- Location of Pioneer Village in Bullitt County, Kentucky.
- Coordinates: 38°03′36″N 85°40′48″W﻿ / ﻿38.06000°N 85.68000°W
- Country: United States
- State: Kentucky
- County: Bullitt
- Incorporated: 1974

Area
- • Total: 1.23 sq mi (3.18 km^{2})
- • Land: 1.22 sq mi (3.17 km^{2})
- • Water: 0 sq mi (0.00 km^{2})
- Elevation: 538 ft (164 m)

Population (2020)
- • Total: 2,671
- • Estimate (2022): 2,708
- • Density: 2,179/sq mi (841.5/km^{2})
- Time zone: UTC-5 (Eastern (EST))
- • Summer (DST): UTC-4 (EDT)
- FIPS code: 21-61356
- GNIS feature ID: 2404526
- Website: www.cityofpioneervillage.com

= Pioneer Village, Kentucky =

Pioneer Village is a home rule-class city in Bullitt County, Kentucky, in the United States. The population was 2,671 as of the 2020 census, up from 2,030 at the time of the 2010 census. Pioneer Village was struck by a tornado in 1996.

==Geography==
Pioneer Village is located in northern Bullitt County. It is bordered by the city of Hillview to the north and west, and the city of Hebron Estates is to the south. Downtown Louisville is 16 mi to the north.

According to the United States Census Bureau, Pioneer Village has a total area of 1.9 sqkm, all land.

==Demographics==

Historical population
| Census | Pop. | Note | %± |
| 1980 | 390 |  | — |
| 1990 | 1,130 |  | 189.7% |
| 2000 | 2,555 |  | 126.1% |
| 2010 | 2,030 |  | −20.5% |
| 2020 | 2,671 |  | 31.6% |
| 2022 (est.) | 2,708 |  | 1.4% |
U.S. Decennial Census

===2020 census===
As of the 2020 census, Pioneer Village had a population of 2,671. The median age was 50.1 years. 17.7% of residents were under the age of 18 and 24.9% of residents were 65 years of age or older. For every 100 females there were 91.9 males, and for every 100 females age 18 and over there were 88.3 males age 18 and over.

100.0% of residents lived in urban areas, while 0.0% lived in rural areas.

There were 1,104 households in Pioneer Village, of which 26.5% had children under the age of 18 living in them. Of all households, 54.3% were married-couple households, 13.3% were households with a male householder and no spouse or partner present, and 24.8% were households with a female householder and no spouse or partner present. About 23.2% of all households were made up of individuals and 12.7% had someone living alone who was 65 years of age or older.

There were 1,134 housing units, of which 2.6% were vacant. The homeowner vacancy rate was 0.5% and the rental vacancy rate was 10.1%.

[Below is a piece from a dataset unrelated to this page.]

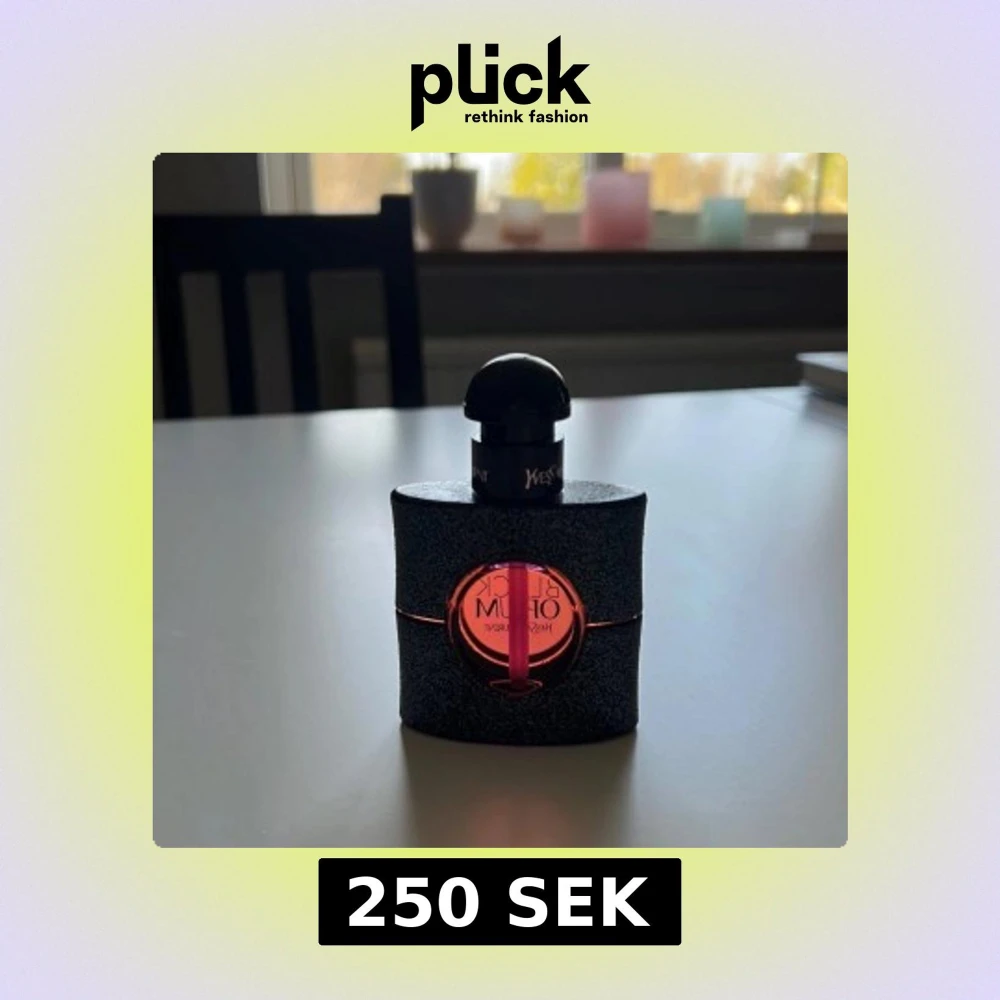 En ikonisk parfymflaska från Yves Saint Laurent, Black Opium. Flaskan är svart med glittrig yta och har ett runt fönster i mitten som visar den rosa vätskan inuti. Korken är svart och rund. Perfekt för dig som gillar lyxiga och moderna dofter.

Racial composition as of the 2020 census
| Race | Number | Percent |
|---|---|---|
| White | 2,458 | 92.0% |
| Black or African American | 28 | 1.0% |
| American Indian and Alaska Native | 3 | 0.1% |
| Asian | 11 | 0.4% |
| Native Hawaiian and Other Pacific Islander | 1 | 0.0% |
| Some other race | 15 | 0.6% |
| Two or more races | 155 | 5.8% |
| Hispanic or Latino (of any race) | 60 | 2.2% |

===2000 census===
As of the 2000 census, there were 2,555 people, 880 households, and 746 families residing in the city. The population density was 2,186.7 PD/sqmi. There were 900 housing units at an average density of 770.3 /mi2. The racial makeup of the city was 98.08% White, 0.27% African American, 0.04% Native American, 0.74% Asian, 0.31% from other races, and 0.55% from two or more races. Hispanic or Latino of any race were 0.59% of the population.

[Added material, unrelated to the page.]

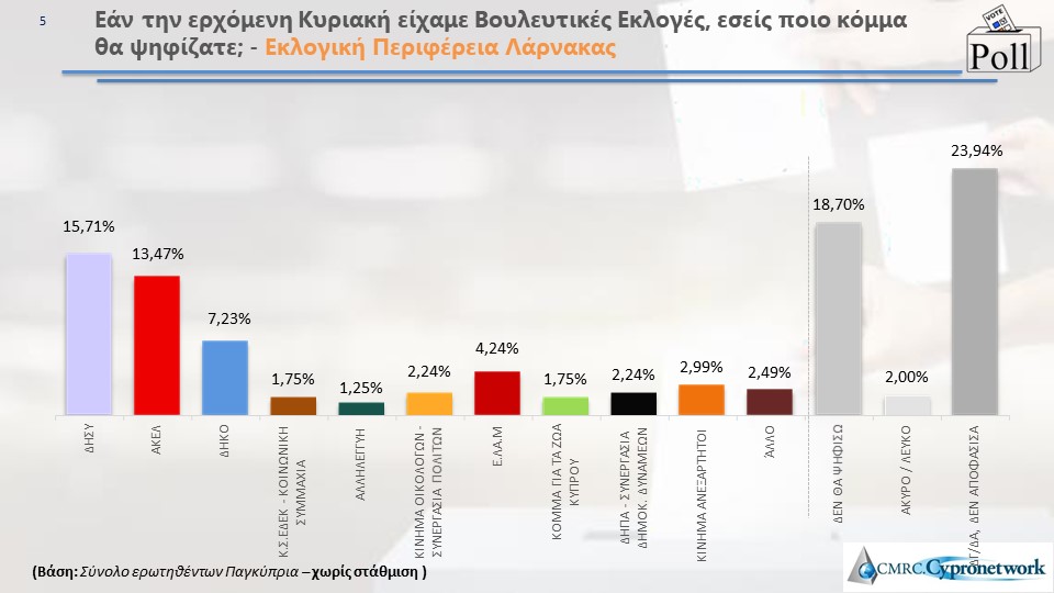 Στην ερώτηση αν την ερχόμενη Κυριακή είχαμε Βουλευτικές Εκλογές, εσείς ποιο κόμμα θα ψηφίζατε, το 23,94% των Πολίτων της Εκλογικής Περιφέρειας της Λάρνακας, απάντησαν πως δεν αποφάσισαν τι θα ψηφίσουν, ενώ το 18,7% υποστήριξε πως δε θα ψήφιζε.

There were 880 households, out of which 45.1% had children under the age of 18 living with them, 73.0% were married couples living together, 8.8% had a female householder with no husband present, and 15.2% were non-families. 11.8% of all households were made up of individuals, and 3.6% had someone living alone who was 65 years of age or older. The average household size was 2.90 and the average family size was 3.15.

In the city, the population was spread out, with 29.5% under the age of 18, 6.9% from 18 to 24, 36.1% from 25 to 44, 22.3% from 45 to 64, and 5.3% who were 65 years of age or older. The median age was 34 years. For every 100 females, there were 93.6 males. For every 100 females age 18 and over, there were 95.0 males.

The median income for a household in the city was $55,568, and the median income for a family was $56,276. Males had a median income of $36,370 versus $25,699 for females. The per capita income for the city was $20,336. About 0.8% of families and 1.7% of the population were below the poverty line, including 3.2% of those under age 18 and 4.6% of those age 65 or over.